From Publishers Weekly
The sixth Nick Polo story (after Polo's Wild Card ) again blends the PI's wry commentary on modern society--especially as experienced in San Francisco--with fast-paced adventure to create a thoroughly entertaining romp. Polo is accosted by a fellow investigator who accuses him of planting a bug on a client's phone. Since Polo didn't have anything to do with the tap, he visits electronic surveillance buddy John Henning, only to find his friend dead, apparently a suicide. Convinced that staunch Catholic Henning would not have killed himself, Polo is puzzled. When he is named executor of Henning's estate and discovers four emeralds in a safe deposit box, he is even more confused. Backtracking from a receipt in Henning's effects, the sleuth goes in search of the wife of a financially troubled San Francisco jeweler--and again comes upon a body. Ignored by skeptical police, Polo continues to investigate, turning up Colombian gem smugglers and a host of nasty customers in the process.

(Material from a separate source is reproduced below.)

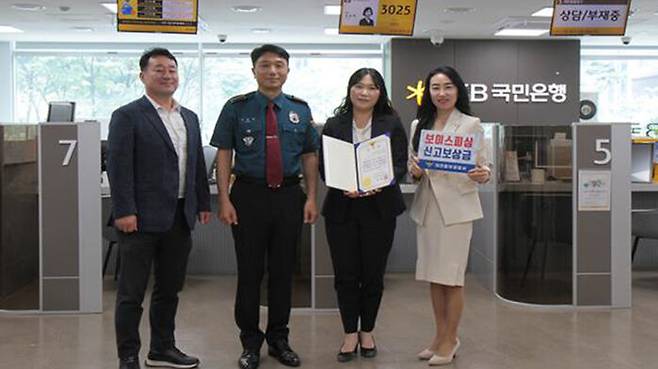 대전동부경찰서는 적극적인 신고로 전화금융사기 피해를 예방한 KB국민은행 가오동지점 직원 A 씨에게 감사장과 신고보상금을 수여했다고 어제(26일) 밝혔습니다.

Copyright 1991 Reed Business Information, Inc.
From Kirkus Reviews
Despite a hilarious interlude in which he struggles to outdrink a villainous, self-contained secretary, this is an unusually sober case for San Francisco p.i. Nick Polo--maybe because he's investigating the death of a friend, fellow shamus John Henning, whose wiretap on businessman George Rochard (at the request of Sharon Rochard, R.I.P.) set him, and now Nick, on the trail of some smuggled Colombian emeralds and a trio of very determined foreign visitors (one Colombian, two Samoans). But if this case isn't as funny as Polo's Wild Card (1990), it's more neatly turned: Polo actually spends most of his time detecting, and the killer is surprisingly surprising. A fine entry in this modest, underrated series. --
Copyright ©1991, Kirkus Associates, LP. All rights reserved.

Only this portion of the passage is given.